For another question here on StackOverflow, Martin Büttner has given a great explanation about balanced groups (the topic of the question is "What are regular expression Balancing Groups?") and i would like to point anyone who does not know about balanced groups to his answer (click here to navigate to Martin's answer). Another good explanation can be found on CodeProject.
You will notice that there is nothing that deals with the Boolean operators such as AND or OR. This is not necessary, since these Boolean operators are not part of the pattern which is being matched by the regular expression. (Remember the lofty description of the pattern above?)
How would such an regular expression being used in C# to extract the desired parts from the WHERE predicate?
First, please notice that i will continue using white-spaces in the regular expression for increased readability. This requires RegEx initialization using RegexOptions.IgnorePatternWhitespace or the "(?x)" inline option. In the code below, i use the former.

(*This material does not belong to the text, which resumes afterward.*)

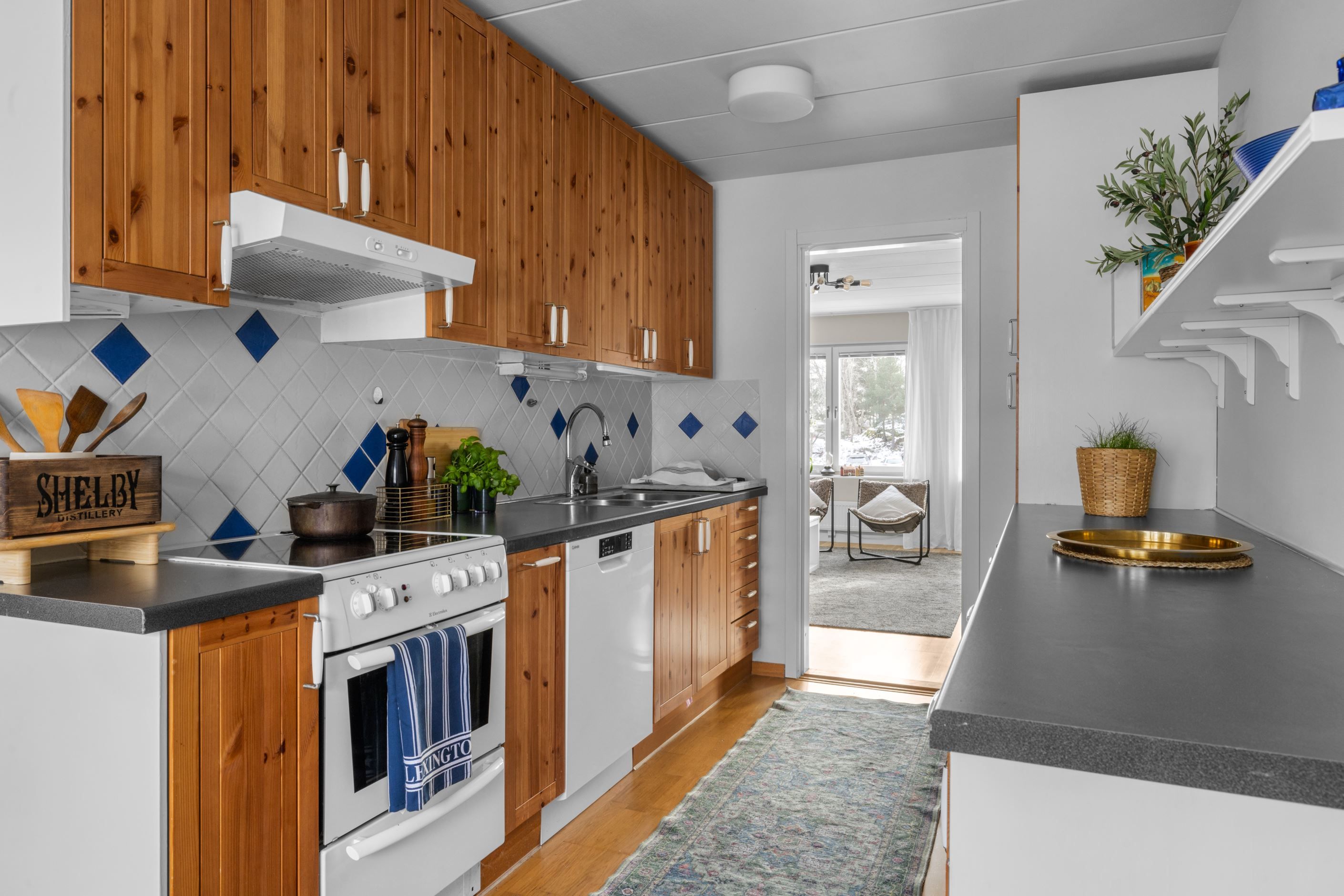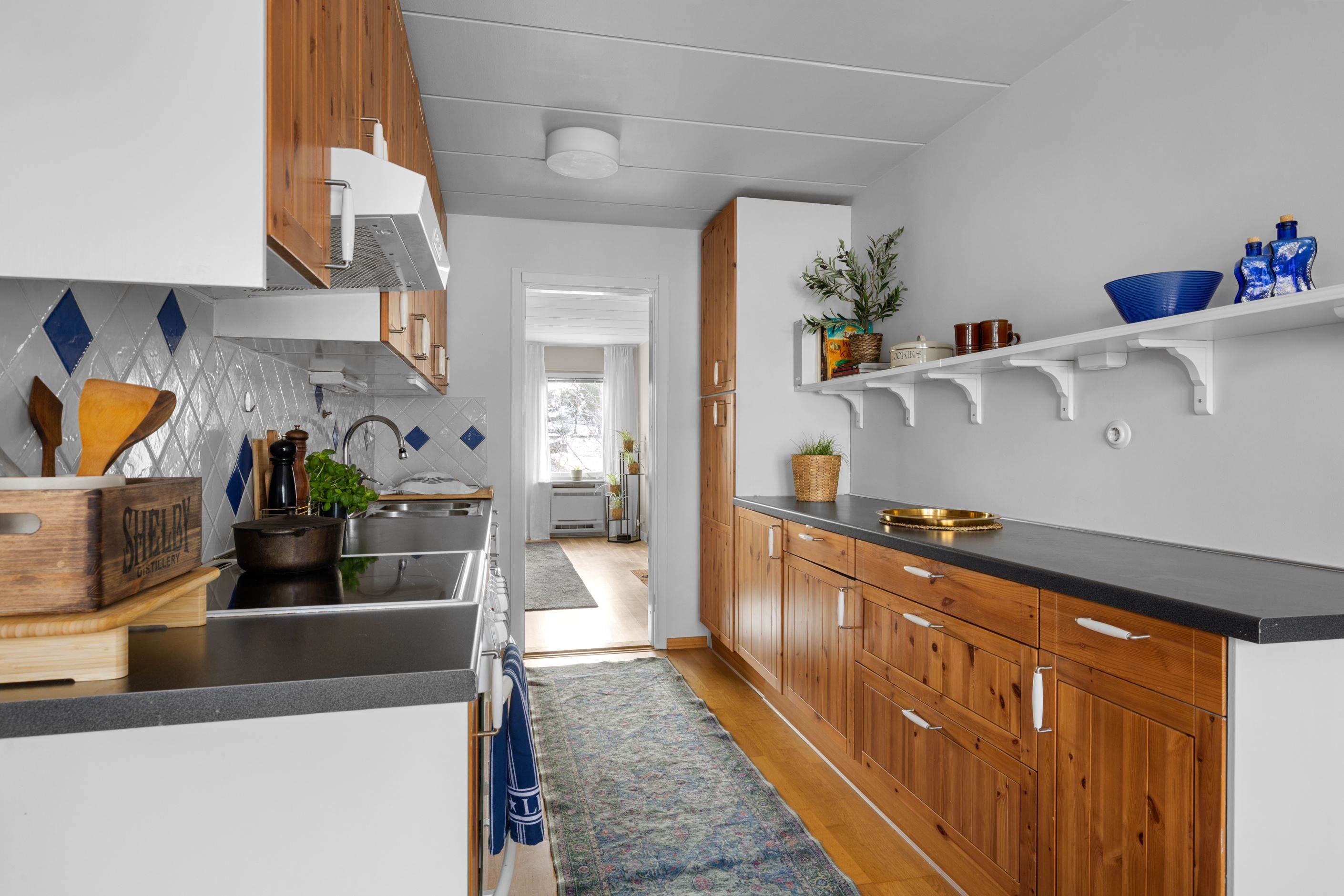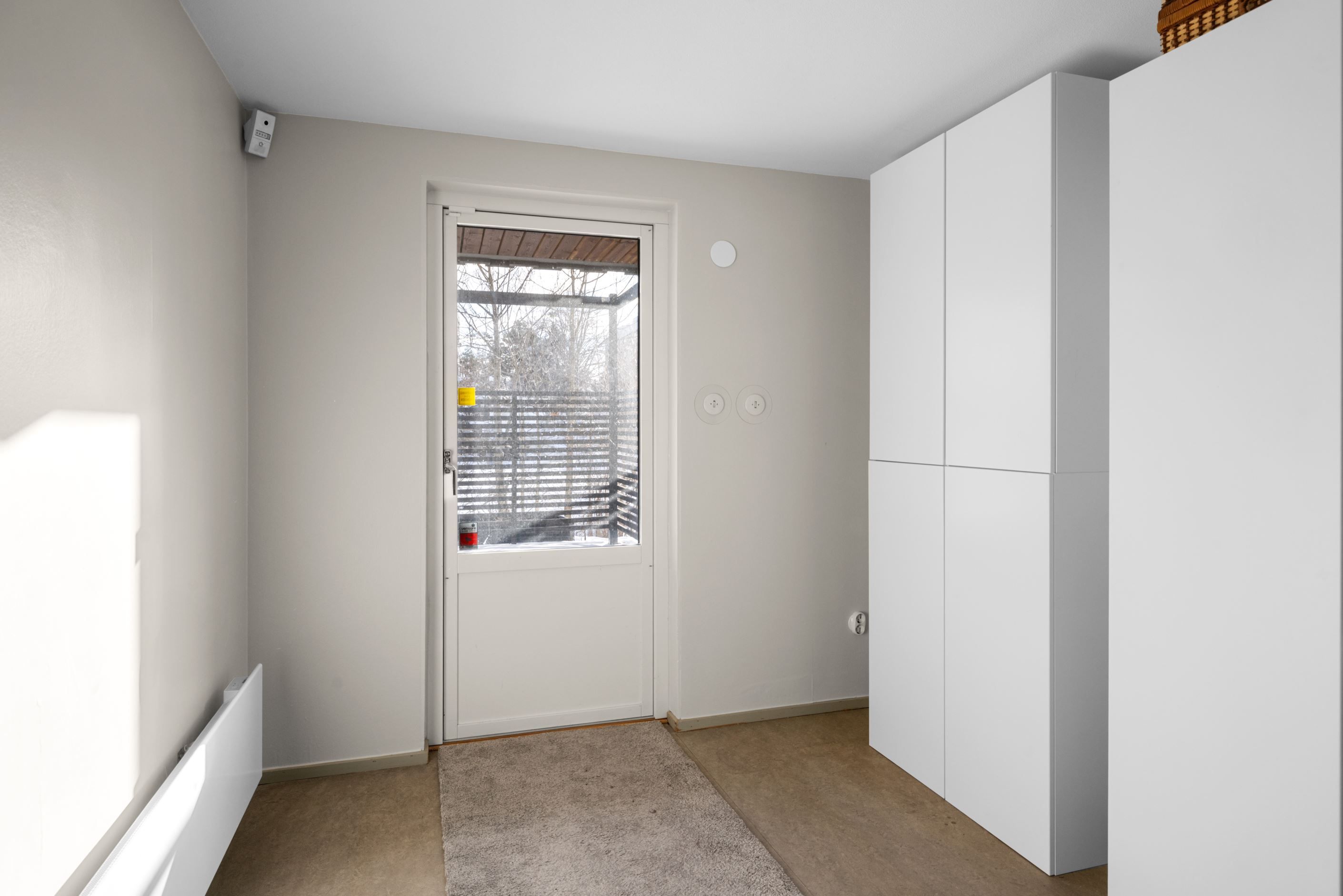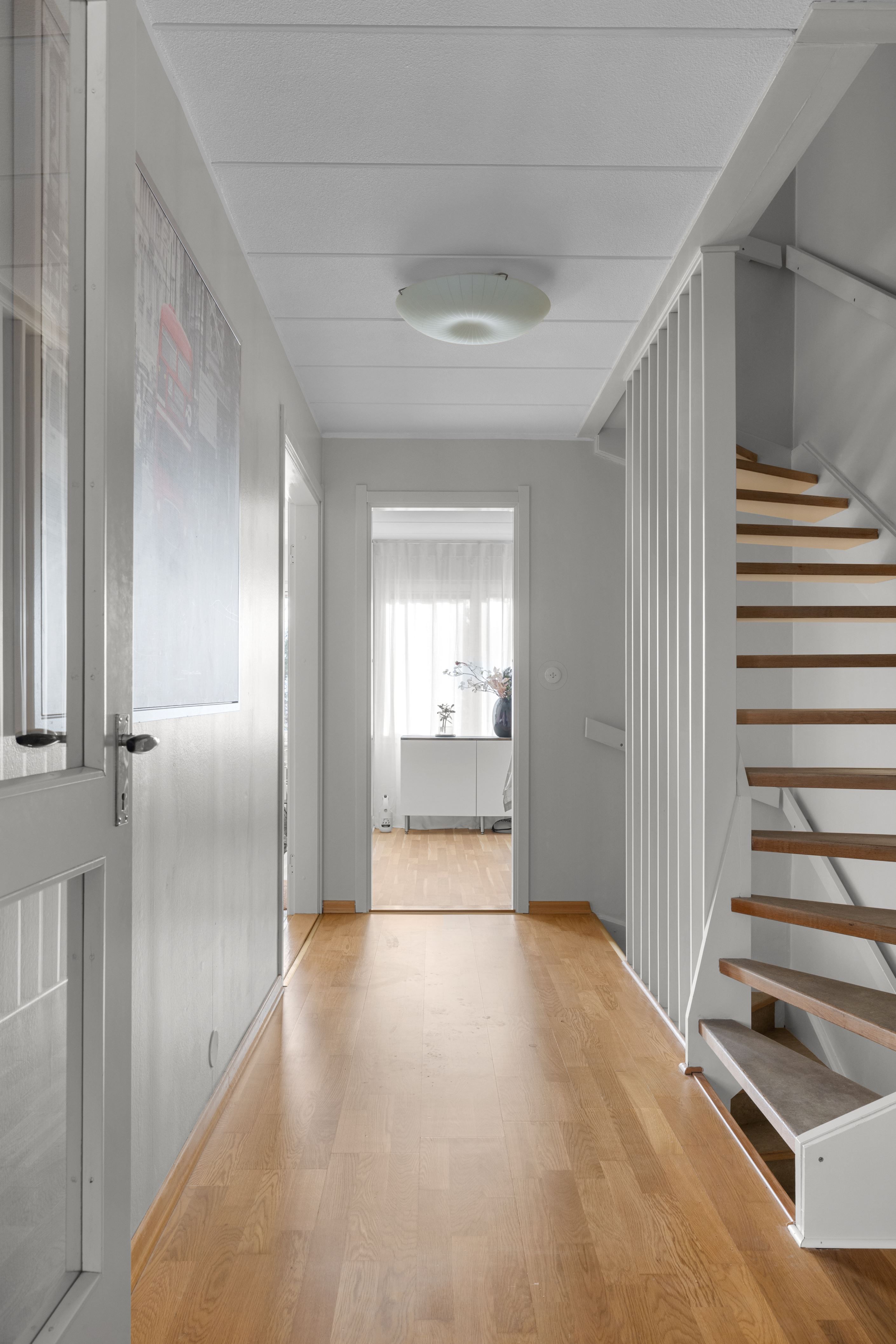 När ni kliver in möts ni av en välkomnande hall med generöst utrymme för förvaring, ett praktiskt skafferi och en WC. Vidare erbjuds ett dubbelsidigt kök i anslutning till vardagsrummet, vilket skapar en trevlig plats för matlagning och samvaro. Intill köket finner ni även tvättstugan. Via köket kan man gå ut till altanen på framsidan. Huset har rikligt med ljusinsläpp via dem väl tilltagna fönsterpartierna och ett högt och fritt läge som tillåter ljuset flöda fritt in i bostaden.

To extract all parts from the WHERE predicate, the RegEx.Matches method will be used, which returns a collection of Match objects. Each Match object represents an extracted part.
Regex re = new Regex(
@"\w[\w\d]* \s*[<>=]{1,2}\s* ( \?|\w[\w\d]*|(\w[\w\d]*)*((?<PR>\()|(?<-PR>\))|[^()])+ )",
RegexOptions.IgnorePatternWhitespace | RegexOptions.Compiled
);
string wherePredicate =
"(ProjectNumber=? AND severity=5) OR DueDate < (DATETIME('NOW'))";
// or use any other WHERE predicate string here...
MatchCollection mc = re.Matches(wherePredicate);
if (mc.Count == 0)
Console.WriteLine("No matches found.");
else
foreach (Match m in mc)
Console.WriteLine("\"{0}\"", m.Value);
You can experiment with the regular expression and different input strings online with the help of the Regex Storm .NET Regex tester.